What is needed → Every entry below is to be returned unchanged. Images are not part of the copy.

Information provided →
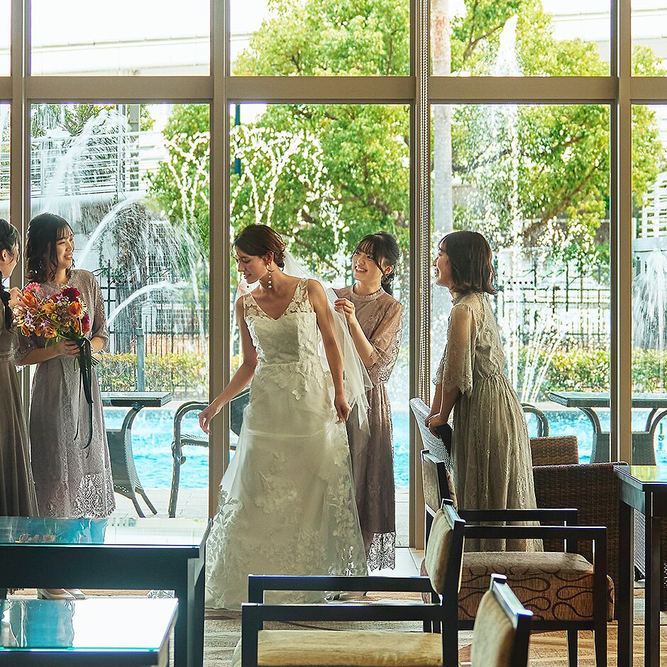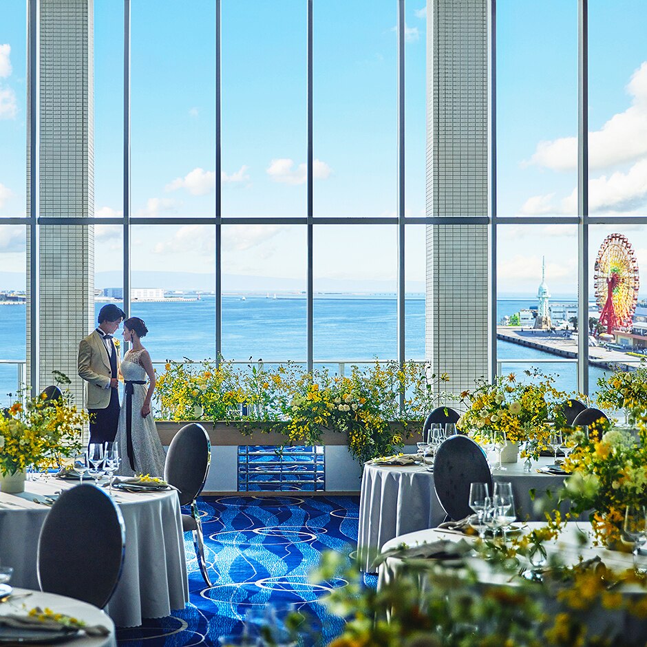 左手にメリケンパーク、右手にハーバーランドを一望できる絶好のロケーション。オーシャンビューの特等席とも言えるこのパノラマは、神戸港に馴染みがある人でも新鮮に映り、神戸で結婚式をする花嫁にふさわしい舞台
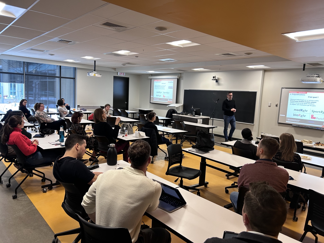 Le mercredi 17 janvier, l'équipe de recherche MOSAIC (MOuvement, SAnté, Interdisciplinarité et Comportement) a inauguré le lancement de ses activités en tenant, avec succès, sa première conférence. Il s'agissait d'un Midi-MOSAIC qui mettait en vedette une présentation faite par le Professeur Matthieu Boisgontier de l'Université d'Ottawa. Ayant le désir d'innover en matière de recherche en santé afin de mieux servir la communauté de l'Outaouais et du Québec, la conférence à amener les personnes présentes à discuter des piliers fondamentaux de la science ouverte, soit la transparence, la réplicabilité, la qualité et l'accessibilité de la recherche. Près d'une trentaine de personnes étaient présentes (étudiants, professeurs, chercheurs de l'UQO et du CISSS de l'Outaouais), ce qui reflète parfaitement l'une des missions centrales de l'équipe MOSAIC, soit de favoriser le transfert des connaissances en santé et la formation interdisciplinaire de la relève en recherche sur l'activité physique.
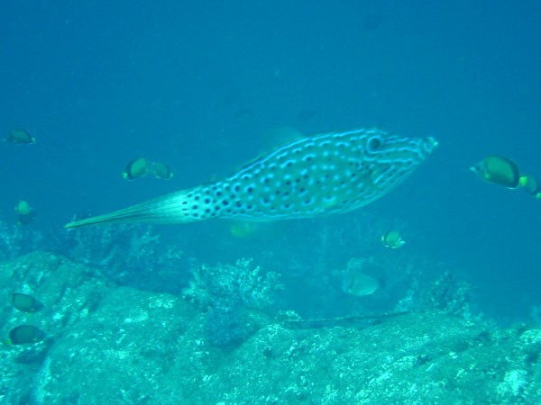 ソウシハギは、体に不思議な模様が広がる大きな魚です。おっとりした動きと鮮やかな模様は見ているだけで楽しいですね。ときどき中層を優雅に泳いでいる姿はとても美しいです。
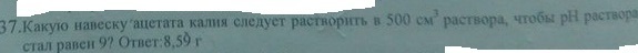 Какую навеску ацетата калия следует растворить в 500 см^3 раствора, чтобы pH раствора стал равен 9? Ответ:8,59г.
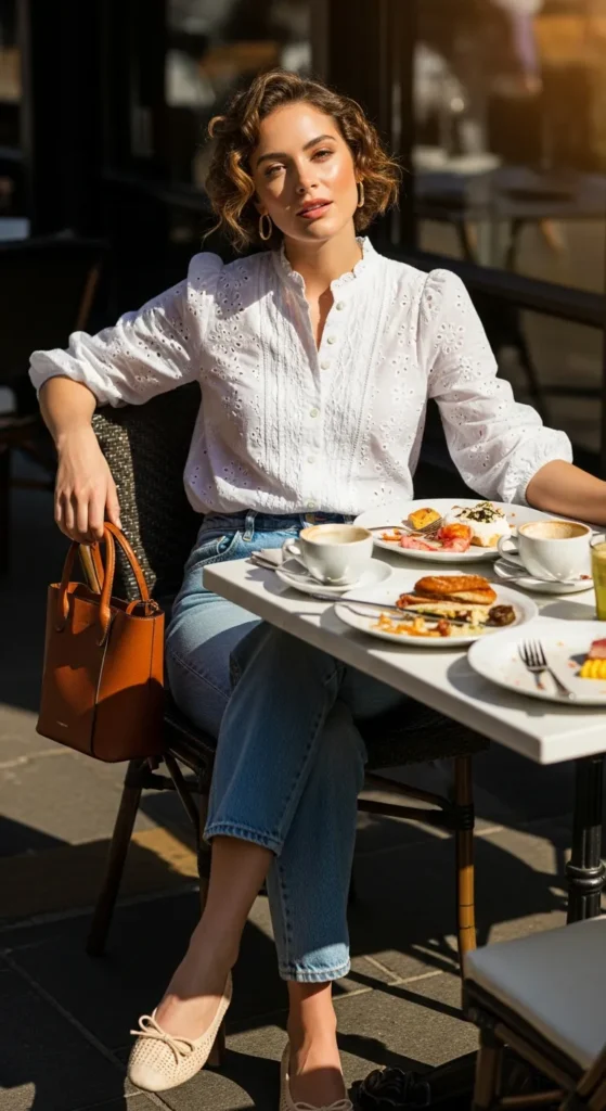 An eyelet blouse paired with relaxed jeans creates a charming contrast of delicate and casual. The textured fabric instantly brightens the outfit while the denim keeps it grounded and comfortable.
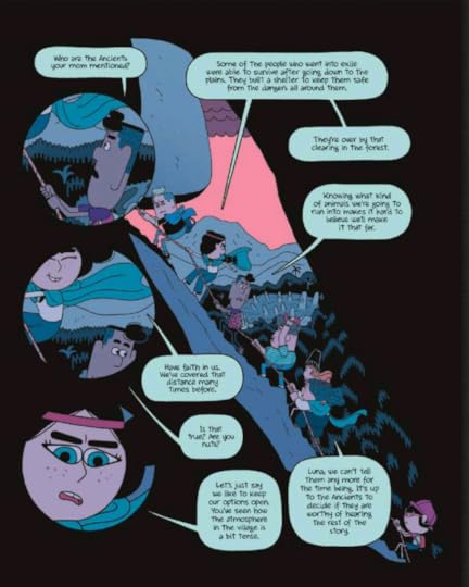 The ending definitely sets up for the next volume, which I am very much interested in reading. The art style feels very influenced by thin-line animation, and the layouts are easy to follow. The lookout point, especially, is highly stylized and breathtakingly rendered. This was a fun way to kick off a cool speculative fiction comic for kids that still realistically tackles the challenges they face as ordinary kids even in extraordinary circumstances.

Solution to this task →
 左手にメリケンパーク、右手にハーバーランドを一望できる絶好のロケーション。オーシャンビューの特等席とも言えるこのパノラマは、神戸港に馴染みがある人でも新鮮に映り、神戸で結婚式をする花嫁にふさわしい舞台
 Le mercredi 17 janvier, l'équipe de recherche MOSAIC (MOuvement, SAnté, Interdisciplinarité et Comportement) a inauguré le lancement de ses activités en tenant, avec succès, sa première conférence. Il s'agissait d'un Midi-MOSAIC qui mettait en vedette une présentation faite par le Professeur Matthieu Boisgontier de l'Université d'Ottawa. Ayant le désir d'innover en matière de recherche en santé afin de mieux servir la communauté de l'Outaouais et du Québec, la conférence à amener les personnes présentes à discuter des piliers fondamentaux de la science ouverte, soit la transparence, la réplicabilité, la qualité et l'accessibilité de la recherche. Près d'une trentaine de personnes étaient présentes (étudiants, professeurs, chercheurs de l'UQO et du CISSS de l'Outaouais), ce qui reflète parfaitement l'une des missions centrales de l'équipe MOSAIC, soit de favoriser le transfert des connaissances en santé et la formation interdisciplinaire de la relève en recherche sur l'activité physique.
 ソウシハギは、体に不思議な模様が広がる大きな魚です。おっとりした動きと鮮やかな模様は見ているだけで楽しいですね。ときどき中層を優雅に泳いでいる姿はとても美しいです。
 Какую навеску ацетата калия следует растворить в 500 см^3 раствора, чтобы pH раствора стал равен 9? Ответ:8,59г.
 An eyelet blouse paired with relaxed jeans creates a charming contrast of delicate and casual. The textured fabric instantly brightens the outfit while the denim keeps it grounded and comfortable.
 The ending definitely sets up for the next volume, which I am very much interested in reading. The art style feels very influenced by thin-line animation, and the layouts are easy to follow. The lookout point, especially, is highly stylized and breathtakingly rendered. This was a fun way to kick off a cool speculative fiction comic for kids that still realistically tackles the challenges they face as ordinary kids even in extraordinary circumstances.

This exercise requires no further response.